Steve Noble: Here’s a little bit of news that’s come out since the report: we’ve dug into price premiums and found that across the six buckets of sustainability claims, all had a price premium ranging from 16 to 35 percent. Like most things in this research, it varied a lot by category. In categories like beverages and center-store grocery, the premiums tended to be 0 to 20 percent. In fresh meat and dairy as well as personal care, they were anywhere between 10 and 30 percent, and in some cases more than 40 percent. The price piece is an interesting complement to what we’ve already shared, and further reason to believe that there’s opportunity to invest in sustainability attributes more broadly.

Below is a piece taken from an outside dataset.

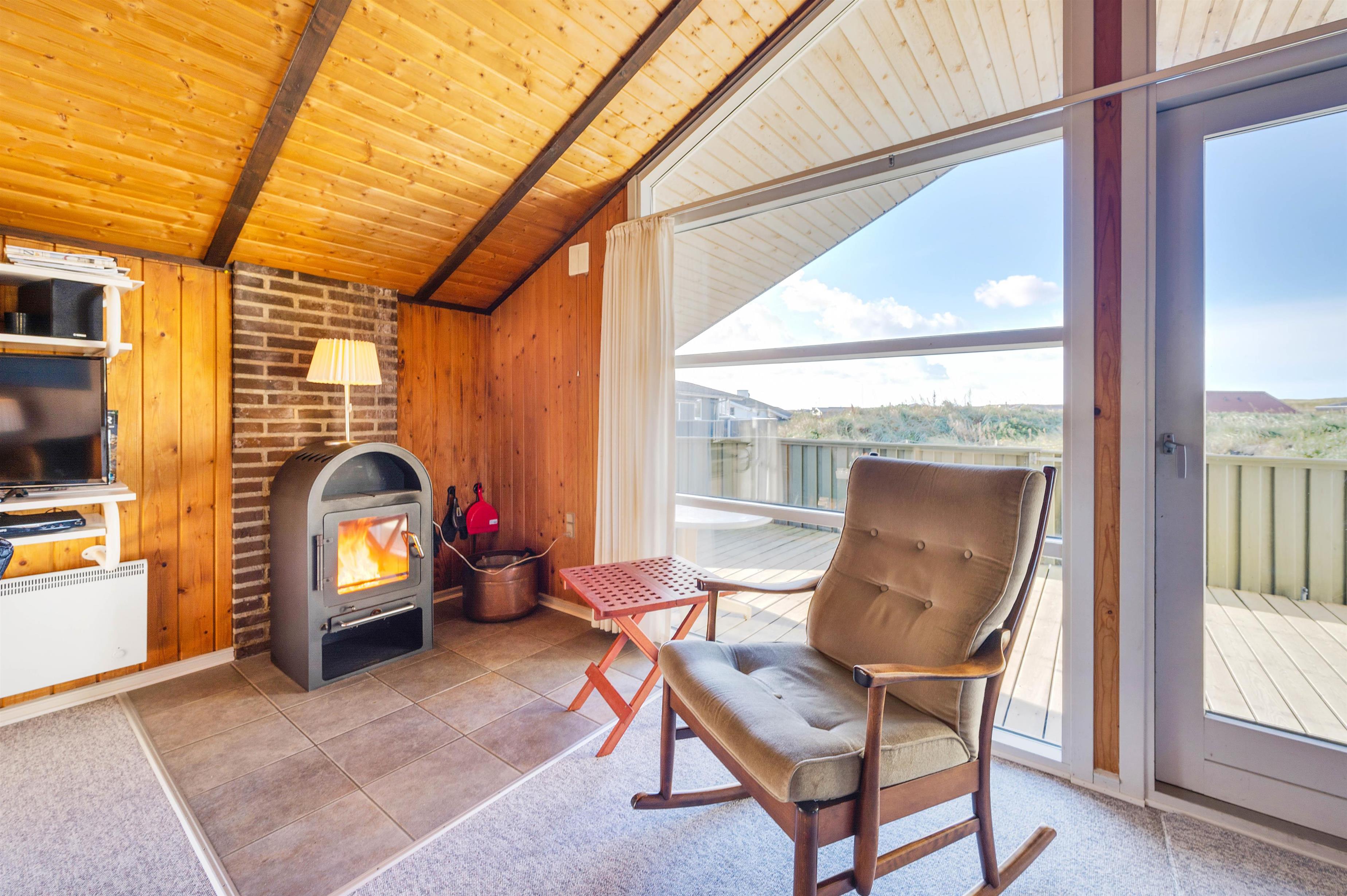 I stuen kan I sætte jer godt til rette i sofaen efter en oplevelsesrig feriedag i naturen. Her kan I nyde varmen fra den knitrende brændeovn, mens hele familien er samlet til en hyggelig stund i godt selskab.

Sherry Frey: Another question that’s come up is specifically from medium-size brands wondering, “What do we do? Where’s our opportunity? How do we play?” There’s more research to be done around why they don’t receive the outsize growth that everyone else does.

Other questions are about the consumer, who is evolving so rapidly. We have segmentations of consumers—from the super passionate to the small segment of people who are apathetic. How does this play out across the claims and categories? There’s a deeper level of dissection that needs to happen there.

Vinit Doshi: As governments start to mandate certain things, like we’re seeing in Europe, this issue is going to become more urgent. Companies need to have answers—for their stakeholders, employees, and customers—as to what they’re doing and how they’re going to meet their sustainability commitments. Being able to point to factual evidence, beyond consumer sentiment surveys, will be important.

Steve Noble: My closing thought for our readers and listeners would be, “Continue to talk about it and share it.” If you’re a CPG player, talk to the folks further back in your supply chain actually making the products. Talk to retailers selling those products. Engage in discussion about what this means and how we can collectively continue to advance the good we’re doing in sustainability and ESG. It shouldn’t be in a cone of silence. Sustainability ought to be something that we’re collaborating on and talking about broadly.